Hazel was starting to see where some of her mother’s sensibilities had come from. Her time here probably just reinforced her eye for an eye mentality. Not that wolf-born were any different. Hazel pondered what she would have done if it was her daughter who was killed, or if Eyre, Amee and her mother had died that day. She realized it probably would have been far bloodier as she looked at her hands that could be so much more dangerous in her half wolf form. Her mother had been downright surgical with her precision revenge. Nobuyuki took another drag from his dwindling cigarette.

“As an Oyabun you become accustomed to making quick judgments of someone’s heart. You have a warrior’s heart don’t you?”

Hazel nodded. Nobuyuki put his cigarette out.

“Perhaps instead of… gold. You can pay us by dealing with a problem we have.”

Hazel leaned forward. Her argument with her mother had pissed her off profusely. She didn’t bother to figure out if it was her mother, her grandfather or herself she was angry with, but if she didn’t get all the rage out of her system it was likely to spark another. Rending something with her claws always calmed her nerves. She just hoped her target wasn’t people.

“Please tell me more Oyabun.”

“If you are associated with Taichai you are accustomed to the darker corners of Japan.”

Hazel nodded. He lit another cigarette.

“We have an issue with an Oni. It has been going after children. Lost a few men to it. Are you familiar with fighting them?”

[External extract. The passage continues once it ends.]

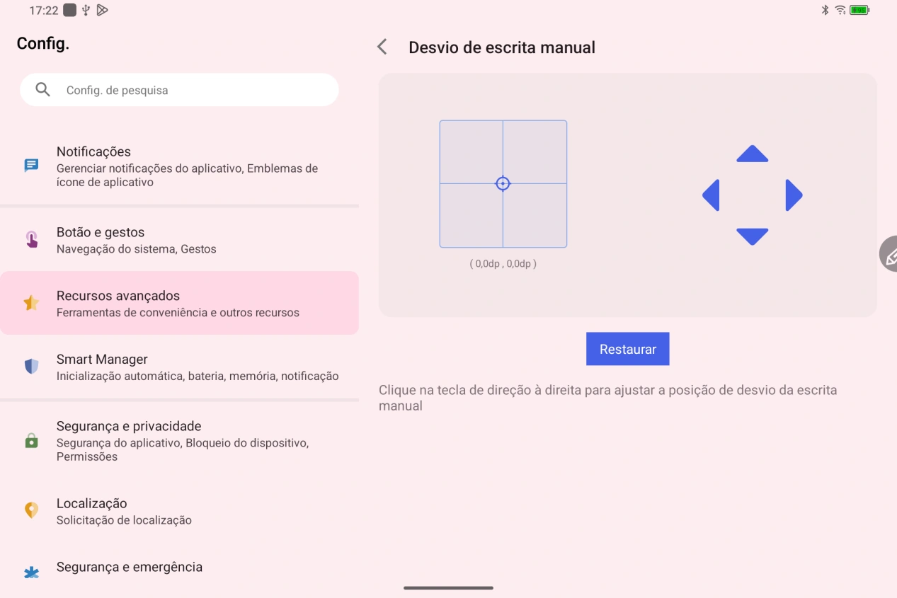 1. Abra Configurações - Recursos avançados - Calibração da caneta

Hazel was smiling now and nodded. He obviously noticed the excitement in his eyes.

“I should have started with this, you seem like you might have done it for free.”

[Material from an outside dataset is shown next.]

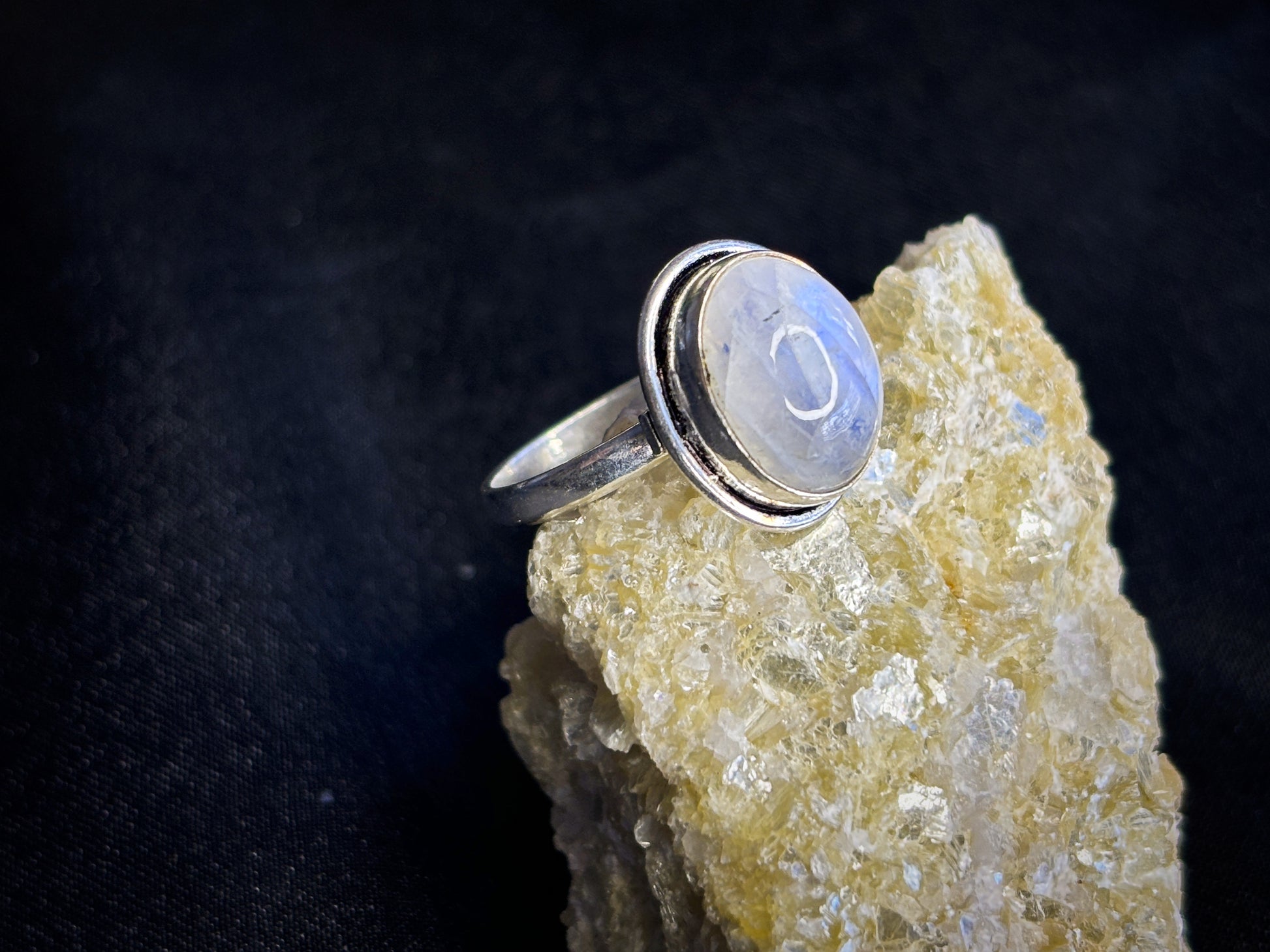 This crystal ring is made with an oval rainbow moonstone, and plated with 925 sterling silver.

“I probably would have. Oni who go after children are the worst.”

“I can send some men with you.”

Hazel shook her head.

“I can do it alone. It takes a monster to fight monsters, as my mother says all the time. They may not like what they see.”

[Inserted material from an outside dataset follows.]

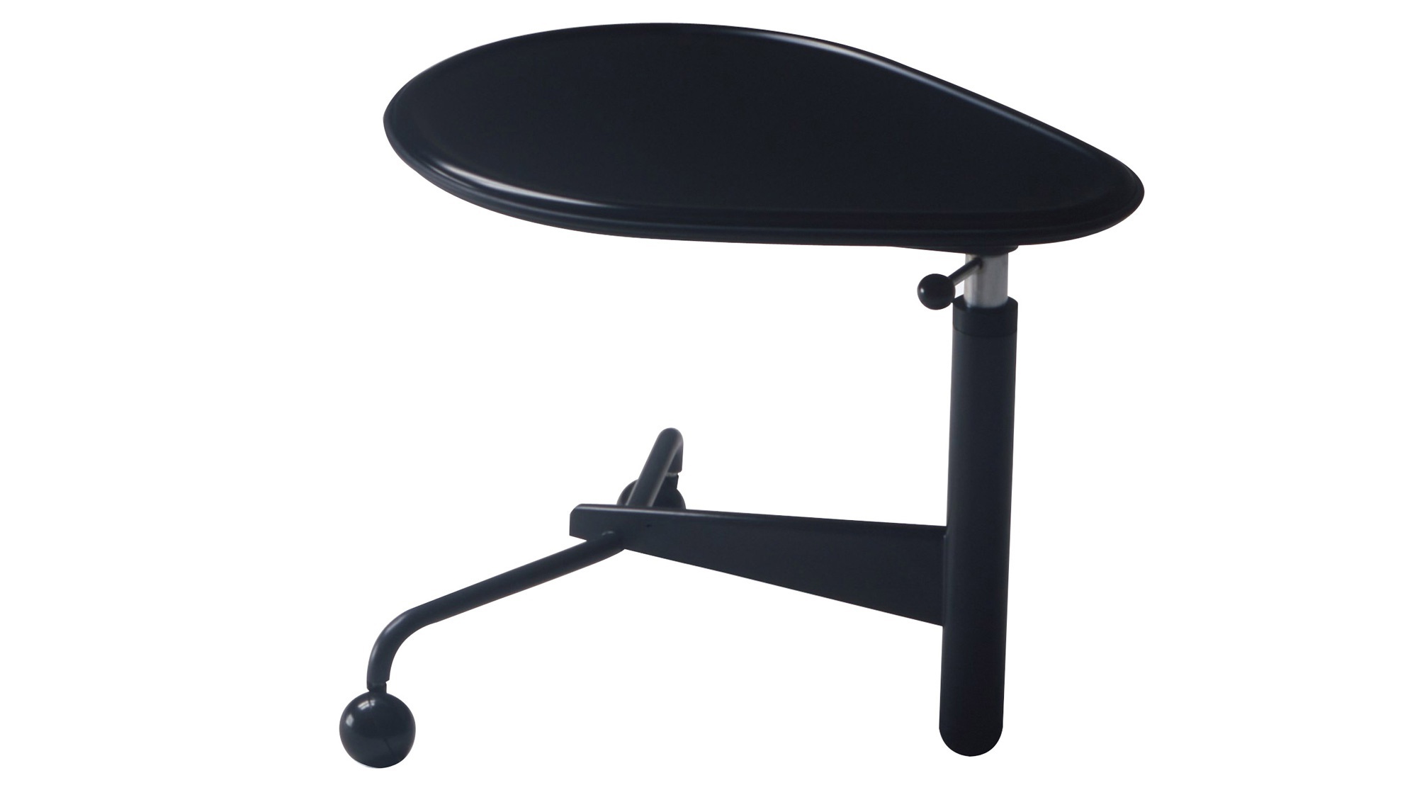 Rotary table-transformer on wheels 112 Kick from the Italian manufacturer Cassina. Model with adjustable height of the top. The top is made from glossy lacquered wood. Base - steel. The model is designed for an interior designer style. Colours in stock.

He took a drag from his cigarette and tapped it against the ashtray.

“They have seen much.”

Hazel bowed slightly.

“Well, it is your island, I’ll leave it up to you. When and where was the last attack?”

“My man Edo will take you.”

“I need your word that whatever your people see, whatever I do, they will never speak of to anyone except you. And that what you know never leaves your lips. It is very important. Many lives depend on it.”

Nobuyuki bowed his head.

“You have my word any man who might whisper it will have their tongue removed.”

Hazel stood and bowed slightly.

“Consider your Oni dealt with.”

Nobuyuki bowed his head.

“By the time you’re done we will have your order ready.”